The Taxes on a Lottery Jackpot

lottery jackpot

As lottery organizers know well, big jackpots attract attention and drive ticket sales, as well as free publicity on news sites and TV. The fact that they’re so much harder to win than people might think actually works in the game’s favor, says Victor Matheson, an economics professor at the College of the Holy Cross.

Even if you manage to hit the jackpot, the odds of being able to keep it all for yourself are slim. In the United States, for example, winners must pay federal and state taxes on any winnings. Depending on the payout option and applicable tax rate, this can whittle down a billion-dollar jackpot to something more manageable.

Choosing less common numbers gives you the best chance of not having to split a jackpot with others who have chosen the same numbers. But even the best number-picking software cannot give you a definite advantage.

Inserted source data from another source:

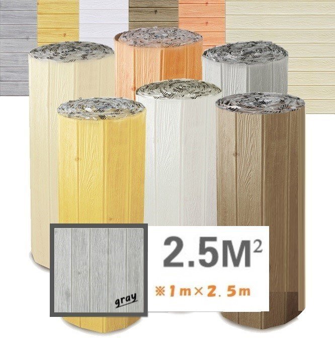 ロール売【1m×250cm】木目 ナチュラルカラー B373 ライトグレー 3D クッション 壁紙 シール 糊付き リメイク 耐水 抗菌 傷防止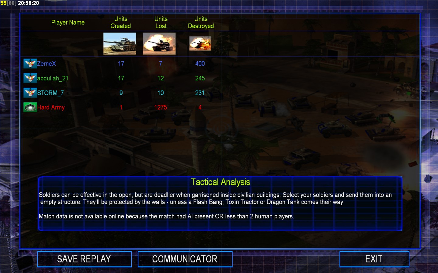 | Name | Side | Color | Team | Starting Position | Buildings Built | Buildings Lost | Buildings Destroyed | Units Built | Units Lost | Units Destroyed | Money Earned | Outcome |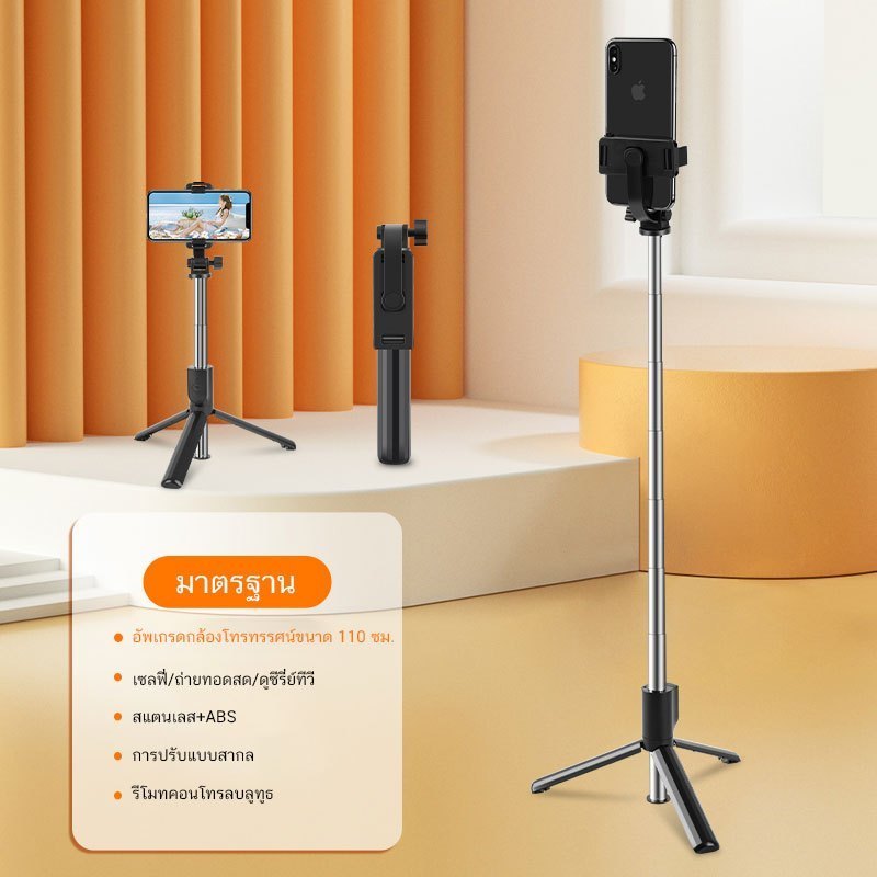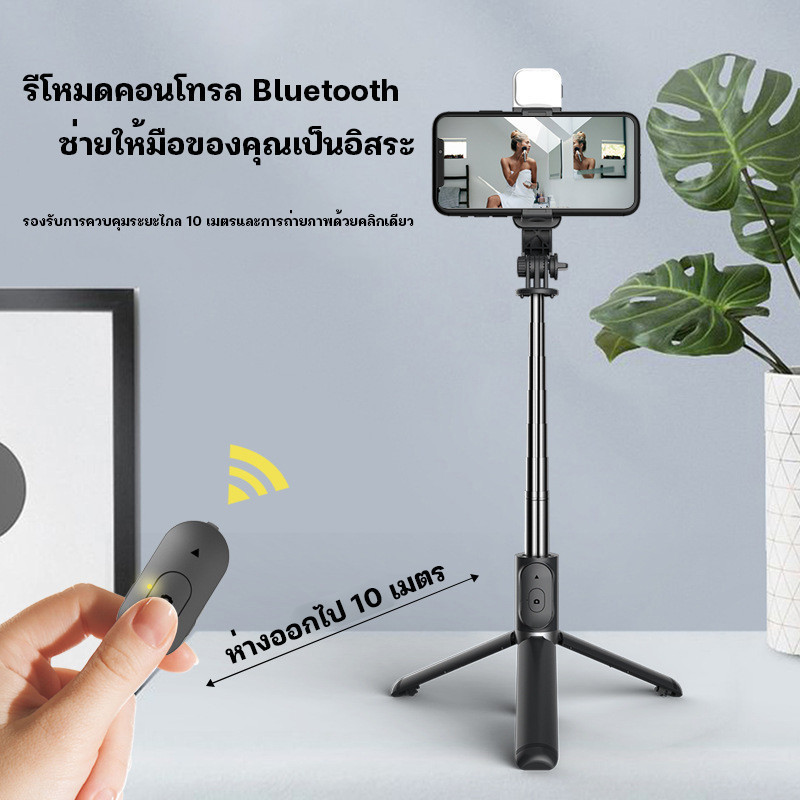 WED Selfie Stick พร้อมไฟไลฟ์สด – กันสั่นได้ดี พับเก็บได้ รีโมทบลูทูธ 10M หมุนได้ 360° สำหรับถ่ายเซลฟี่และไลฟ์สด

You can choose a lump sum or annuity payment, but either way the amount you actually get is far less than what you see reported in the headlines. To start with, if you opt for the lump sum payout, the IRS takes 24% off the top to cover federal income taxes. From there, the value of your winnings is whittled down further by your state’s withholding and the top federal tax rate of 37% (for single filers).

Responsible lottery winners dump any money they don’t need into safe investments that will grow over time. This will help them preserve and possibly even increase their wealth. They also plan out how they’ll pass the remaining money on to their loved ones in the event of a calamity.